To have and to hold (as an investment) – Inheritance tax relief for wedding venues and property businesses
Business property relief (BPR) reduces the taxable value of business assets for UK inheritance tax purposes by either 100% or 50% and is therefore a valuable relief. It can apply to businesses run by sole traders, partnerships or companies or even to assets that are simply used by a business, even if not owned by them. The key is that there must be a business.
However, a business is not eligible for BPR if it consists wholly or mainly of making or holding investments. Where a business involves exploiting real estate, HMRC has frequently argued that the business is of holding investments and so BPR is not available. This has resulted in a string of cases, the latest of which (Butler v HMRC TC 8949) denied relief for a wedding venue business.
That case involved a mixed business. Mrs Butler, who died in 2015, was a partner in a limited liability partnership (the other partner being her late husband’s Will Trustees), which operated a farming, commercial letting and a wedding venue business, using an historic barn on the farm. In determining whether a business is wholly or mainly holding investments, the business needs to be looked at as a whole. So, although the farming element of the business was not an investment activity, the value of the LLP interest attributable to the farming business would only be eligible for BPR if the business of the LLP as a whole was considered not to be an investment. The commercial lettings business was agreed to be an investment activity. The case therefore rested on whether the wedding venue business was or was not an investment.
The wedding venue business began in 2004. An empty barn was converted and, over a period to 2012, landscaping works were undertaken and Mrs Butler’s expertise of wedding planning grew. While customers had to book their own suppliers, Mrs Butler would advise couples on their wedding day, providing information on local suppliers, transport and the best locations for photographs. She would ensure the wedding and alcohol licence requirements were met. The LLP hired two employees who would assist Mrs Butler in setting up and cleaning up after a wedding day. The number of weddings in 2004 was just 3, but rose to 56 in 2012 and 95 in 2015 when Mrs Butler died, at which pointed turnover amounted to over £350k. Marketing for the LLP was provided by a third party and a third party provided the catering. In 2013, the third party caterer was replaced following complaints. The new caterer also took over many of the other functions provided by the LLP and took a lease of the kitchen. At around the same time, Mrs Butler was diagnosed with terminal brain cancer.
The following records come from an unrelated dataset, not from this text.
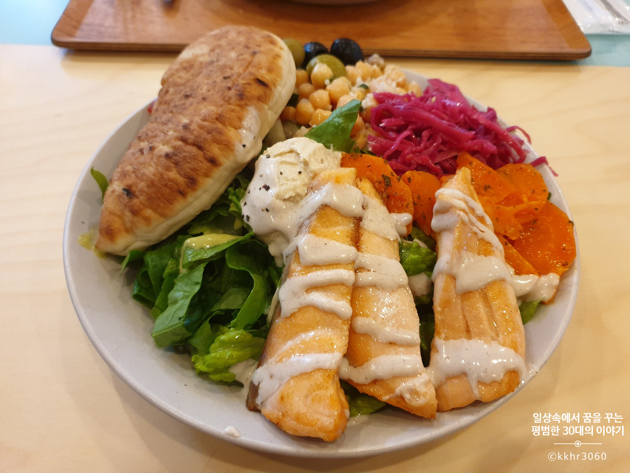 시간이 얼마 지나지 않아 진동벨이 세차게 울리고 배가 고팠던 나는 거의 뛰쳐가다시피 해서 쟁반에 우리가 주문한 두 가지의 샐러드를 자리로 가지고 왔다.
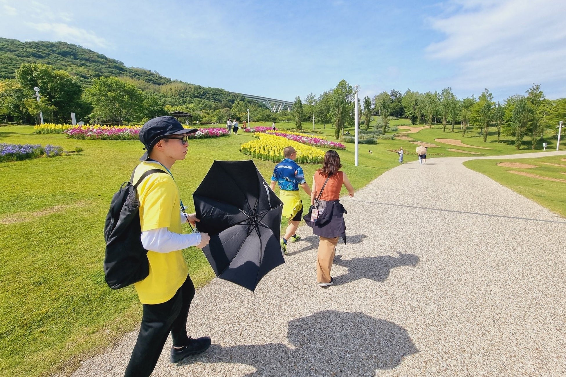 ①大分県別府市の大谷公園で受け付け。参加者たちが全員集合!
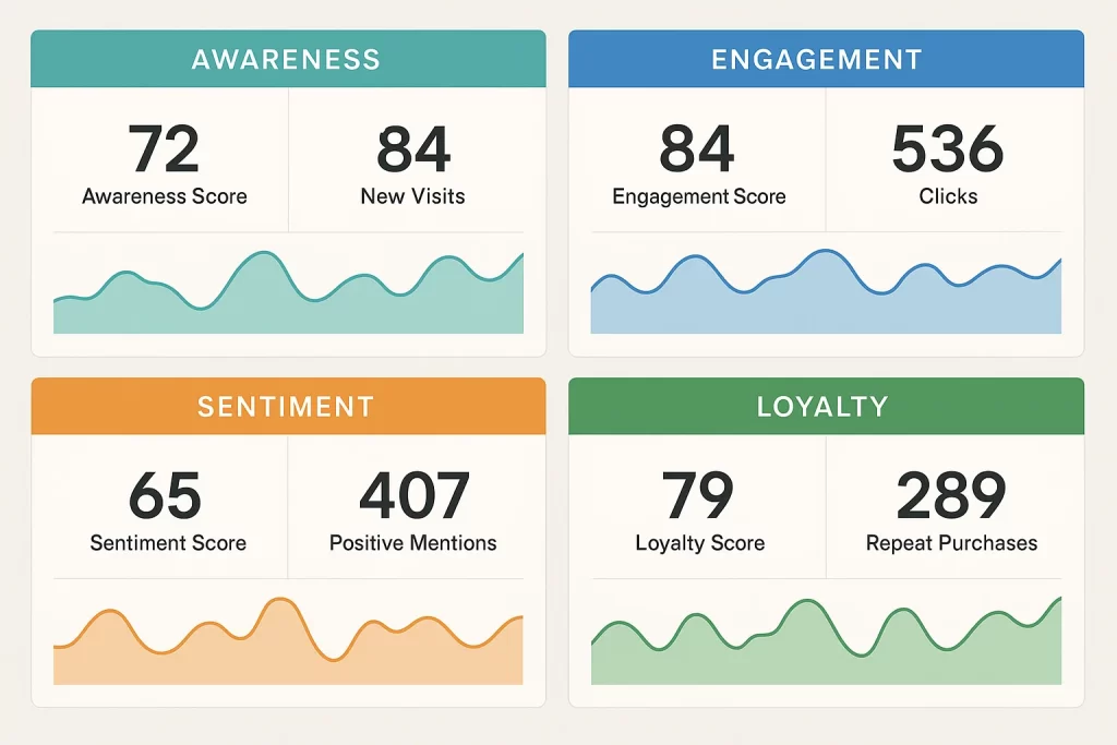 Tip: Break dashboards into modules (e.g., Awareness, Engagement, Loyalty) to maintain clarity without overcrowding.
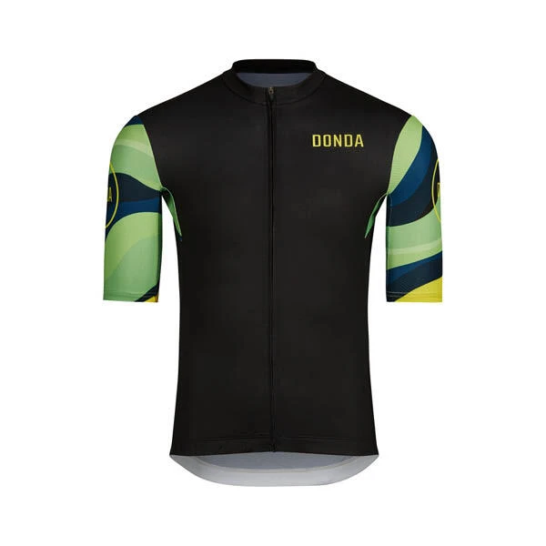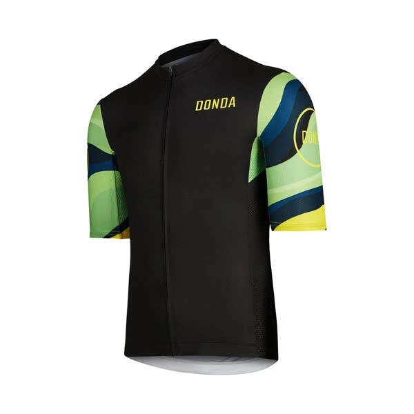 The Regen collection celebrates re-generation of the outdoor spirit. As we gather new respect for the outdoors and the freedom it brings we reset and regenerate. A fresh natural lemon and lime sleeve design allow you to ride with a new purpose this summer. The Donda word-mark is featured on both arms in a signature circle and on the left breast of the jersey. The Donda crest logo is then featured at the top of the neck line.

The First Tier Tribunal (FTT) confirmed that there is a two stage process in determining whether a business is wholly or mainly an investment. First, one must look at the individual components of the business and categorise them as an investment activity or a non-investment. Second, one must step back and look at the whole picture of the business.
In doing this, the FTT had to decide an appropriate period over which to judge the business and relevant components. It decided that the appropriate instance in this case was the two years since the new caterer took over many of the LLP functions and the date of Mrs Butler’s death as that point represented a fundamental change in the business of the LLP. However, there is no fixed period given in the legislation or the case law over which one must view the business; in this case it was two years, but it has been five years in another cases.
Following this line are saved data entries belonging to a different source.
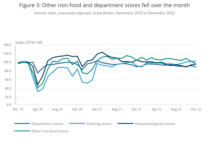 Department stores sales volumes fell by 3.1% in December 2022, from a rise of 2.1% in November. Retailers reported that longer Black Friday sales contributed to the November increase.
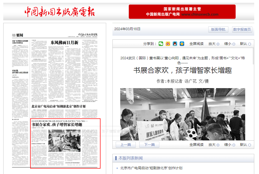 中國新聞出版廣電報∣2024武漢(國際)童書展以“童心向陽,遇見未來”為主題,形成“圖書+”“文化+”特色——書展合家歡,孩子增智家長增趣
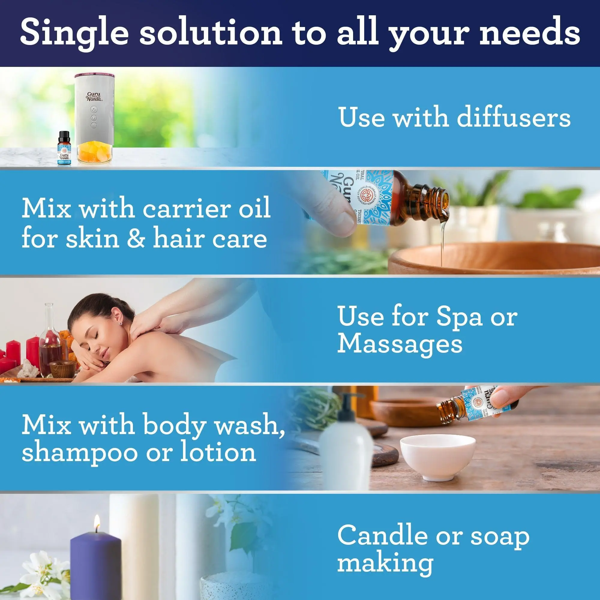 COMFORTING AROMATHERAPY:Use with your favorite GuruNanda Essential Oil Diffuser to create an aromatic paradise at home, office, or while traveling. Create a custom blend with a carrier oil for a refreshing massage.
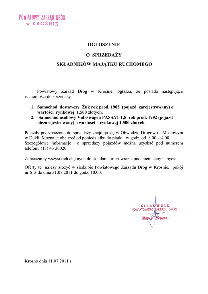 OGŁOSZENIE O SPRZEDAŻY SKŁADNIKÓW MAJĄTKU RUCHOMEGO Powiatowy Zarząd Dróg w Krośnie, ogłasza, że posiada następujące ruchomości do sprzedaży 1. Samochód dostawczy Żuk rok prod. 1985 (pojazd zarejestrowany) o wartości rynkowej 1.500 złotych. 2. Samochód osobowy Volkswagen PASSAT 1,8 rok prod. 1992 (pojazd niezarejestrowany) o wartości rynkowej 1.500 złotych. Pojazdy przeznaczone do sprzedaży znajdują się w Obwodzie Drogowo - Mostowym w Dukli Można je obejrzeć od poniedziałku do piątku. w godz. od 8.00 -14.00. Szczegółowe informacje o sprzedaży pojazdów można uzyskać pod numerem telefonu (13) 43 30020. Zapraszamy wszystkich chętnych do składania ofert wraz z podaniem ceny nabycia. Oferty te należy złożyć w siedzibie Powiatowego Zarządu Dróg w Krośnie, pokój nr 613 do dnia 31.07.2011 do godz. 10.00. Krosno dnia 11.07.2011 r.

In reviewing the individual components of the business over this two year period, the FTT concluded that many of the services had been taken over by the third party provider since 2013. Of those services that remained, the venue hire was characterised as a business of holding the barn as an investment, given Court of Appeal and Upper Tribunal cases, which highlight that owning and holding land for profit is generally an investment activity. This is so even if it requires some active management in maintenance to the land and ensuring regulatory compliance, so those components of the business were also characterised as being part of an investment business. Even the advice provided by the LLP was considered to be ancillary to acquiring new customers for the venue hire and so would be an investment activity. The FTT agreed that some services were not investments, e.g. cleaning and the provision of a dance floor.
Taking a step back to review the business as a whole the FTT found that the business was ineligible for BPR. The LLP did not provide any services that went significantly beyond amenities that are provided in a property held predominantly for investment services. Interestingly, it said that this was the case even before 2013 when the LLP played a more active role in the other services provided. On balance, hiring the barn was more like hiring a community hall than a fully serviced wedding venue, which would be more likely to be eligible for relief.
The FTT noted that there was no bright line test as to whether a business is trading or holding investments where the business includes exploiting land for profit. Nevertheless, Butler v HMRC TC 8949 adds to a long line of case law that indicates BPR may be an uphill struggle where a business seeks to hire out land or buildings for profit. A much wider range of services must be provided with a property rental business in order to attract BPR.